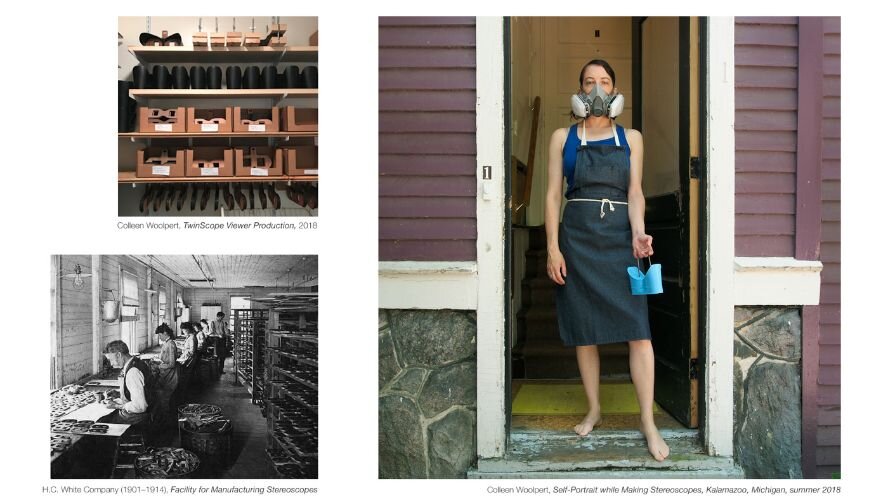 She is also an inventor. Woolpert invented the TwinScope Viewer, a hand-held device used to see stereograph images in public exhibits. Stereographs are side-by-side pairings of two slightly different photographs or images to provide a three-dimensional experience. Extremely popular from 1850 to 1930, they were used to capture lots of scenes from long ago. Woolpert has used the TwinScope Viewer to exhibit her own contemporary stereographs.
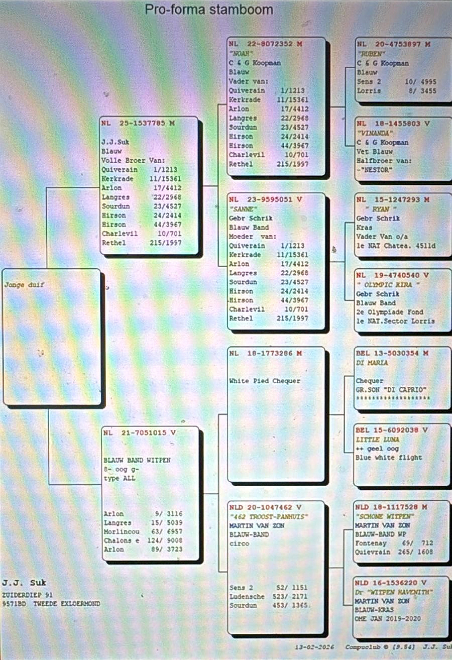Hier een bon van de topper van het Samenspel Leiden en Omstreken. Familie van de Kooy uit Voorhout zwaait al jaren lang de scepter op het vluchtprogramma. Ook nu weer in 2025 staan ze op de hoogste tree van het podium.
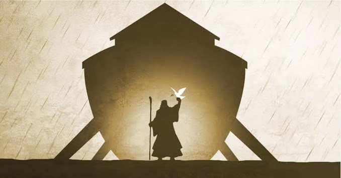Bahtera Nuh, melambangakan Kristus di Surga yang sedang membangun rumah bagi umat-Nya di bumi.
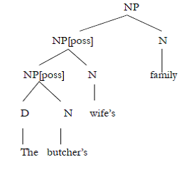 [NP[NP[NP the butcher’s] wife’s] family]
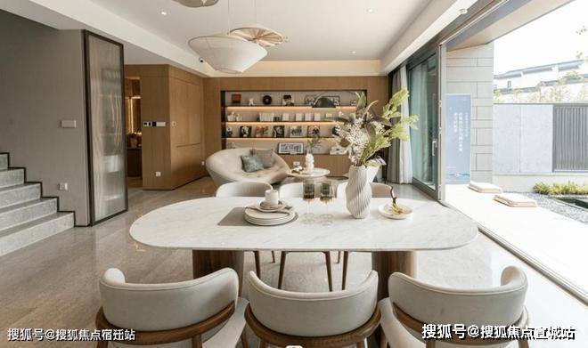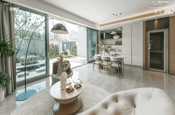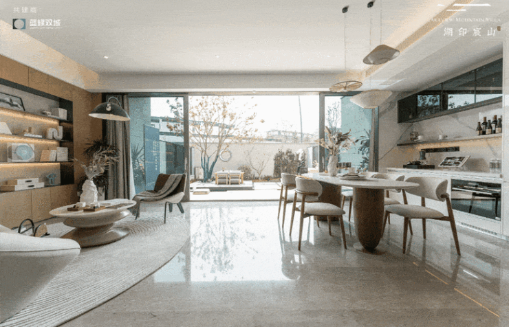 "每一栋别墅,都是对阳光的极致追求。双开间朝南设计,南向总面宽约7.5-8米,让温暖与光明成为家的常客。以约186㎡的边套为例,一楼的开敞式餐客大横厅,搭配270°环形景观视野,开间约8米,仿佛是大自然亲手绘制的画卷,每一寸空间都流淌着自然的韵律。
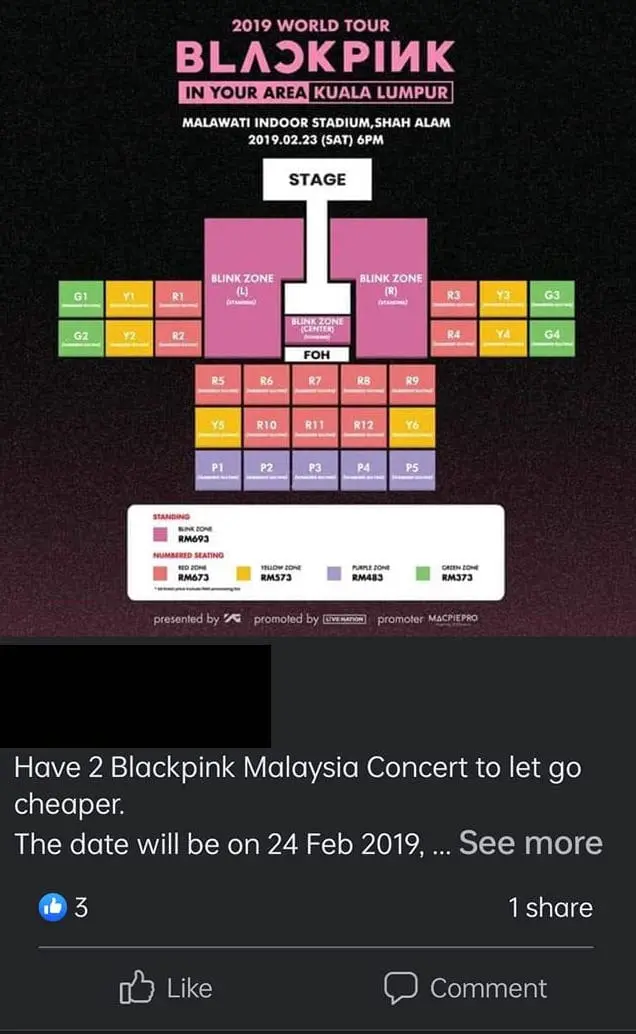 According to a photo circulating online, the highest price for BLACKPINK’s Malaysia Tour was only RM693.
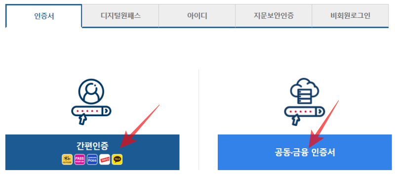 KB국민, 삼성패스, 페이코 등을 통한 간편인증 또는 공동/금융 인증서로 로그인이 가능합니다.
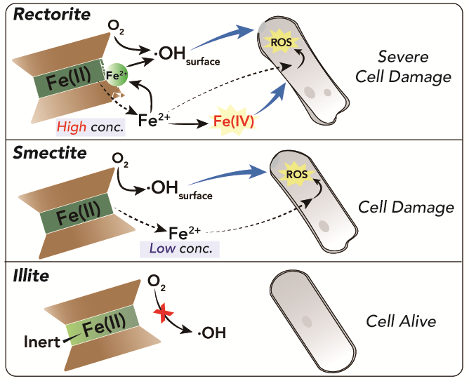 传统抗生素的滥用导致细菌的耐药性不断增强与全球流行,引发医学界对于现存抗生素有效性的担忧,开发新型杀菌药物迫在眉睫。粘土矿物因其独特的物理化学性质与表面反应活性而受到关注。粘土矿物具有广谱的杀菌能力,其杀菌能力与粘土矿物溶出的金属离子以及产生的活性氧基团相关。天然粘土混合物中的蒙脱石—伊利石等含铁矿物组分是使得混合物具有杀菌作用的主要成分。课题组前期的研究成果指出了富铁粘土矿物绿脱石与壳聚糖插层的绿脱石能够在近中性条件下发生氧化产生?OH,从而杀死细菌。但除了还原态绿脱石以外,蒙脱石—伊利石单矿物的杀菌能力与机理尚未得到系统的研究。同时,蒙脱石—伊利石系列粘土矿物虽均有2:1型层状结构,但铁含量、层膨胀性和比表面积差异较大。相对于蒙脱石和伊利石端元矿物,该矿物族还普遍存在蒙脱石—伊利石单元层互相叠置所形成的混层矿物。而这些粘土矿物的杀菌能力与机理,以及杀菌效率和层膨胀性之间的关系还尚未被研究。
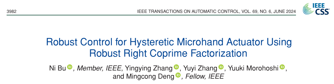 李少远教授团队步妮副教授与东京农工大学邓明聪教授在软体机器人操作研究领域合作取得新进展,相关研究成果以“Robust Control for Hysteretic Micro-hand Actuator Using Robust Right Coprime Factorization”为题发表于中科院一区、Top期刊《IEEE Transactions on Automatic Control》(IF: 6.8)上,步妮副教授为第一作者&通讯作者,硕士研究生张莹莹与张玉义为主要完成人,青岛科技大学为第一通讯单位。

● **Problem requirements**
Every entry must be transcribed exactly. Pictures do not belong in the copy.

● **Solution to the exercise**
 She is also an inventor. Woolpert invented the TwinScope Viewer, a hand-held device used to see stereograph images in public exhibits. Stereographs are side-by-side pairings of two slightly different photographs or images to provide a three-dimensional experience. Extremely popular from 1850 to 1930, they were used to capture lots of scenes from long ago. Woolpert has used the TwinScope Viewer to exhibit her own contemporary stereographs.
Hier een bon van de topper van het Samenspel Leiden en Omstreken. Familie van de Kooy uit Voorhout zwaait al jaren lang de scepter op het vluchtprogramma. Ook nu weer in 2025 staan ze op de hoogste tree van het podium.
Bahtera Nuh, melambangakan Kristus di Surga yang sedang membangun rumah bagi umat-Nya di bumi.
 [NP[NP[NP the butcher’s] wife’s] family]
 "每一栋别墅,都是对阳光的极致追求。双开间朝南设计,南向总面宽约7.5-8米,让温暖与光明成为家的常客。以约186㎡的边套为例,一楼的开敞式餐客大横厅,搭配270°环形景观视野,开间约8米,仿佛是大自然亲手绘制的画卷,每一寸空间都流淌着自然的韵律。
 According to a photo circulating online, the highest price for BLACKPINK’s Malaysia Tour was only RM693.
 KB국민, 삼성패스, 페이코 등을 통한 간편인증 또는 공동/금융 인증서로 로그인이 가능합니다.
 传统抗生素的滥用导致细菌的耐药性不断增强与全球流行,引发医学界对于现存抗生素有效性的担忧,开发新型杀菌药物迫在眉睫。粘土矿物因其独特的物理化学性质与表面反应活性而受到关注。粘土矿物具有广谱的杀菌能力,其杀菌能力与粘土矿物溶出的金属离子以及产生的活性氧基团相关。天然粘土混合物中的蒙脱石—伊利石等含铁矿物组分是使得混合物具有杀菌作用的主要成分。课题组前期的研究成果指出了富铁粘土矿物绿脱石与壳聚糖插层的绿脱石能够在近中性条件下发生氧化产生?OH,从而杀死细菌。但除了还原态绿脱石以外,蒙脱石—伊利石单矿物的杀菌能力与机理尚未得到系统的研究。同时,蒙脱石—伊利石系列粘土矿物虽均有2:1型层状结构,但铁含量、层膨胀性和比表面积差异较大。相对于蒙脱石和伊利石端元矿物,该矿物族还普遍存在蒙脱石—伊利石单元层互相叠置所形成的混层矿物。而这些粘土矿物的杀菌能力与机理,以及杀菌效率和层膨胀性之间的关系还尚未被研究。
 李少远教授团队步妮副教授与东京农工大学邓明聪教授在软体机器人操作研究领域合作取得新进展,相关研究成果以“Robust Control for Hysteretic Micro-hand Actuator Using Robust Right Coprime Factorization”为题发表于中科院一区、Top期刊《IEEE Transactions on Automatic Control》(IF: 6.8)上,步妮副教授为第一作者&通讯作者,硕士研究生张莹莹与张玉义为主要完成人,青岛科技大学为第一通讯单位。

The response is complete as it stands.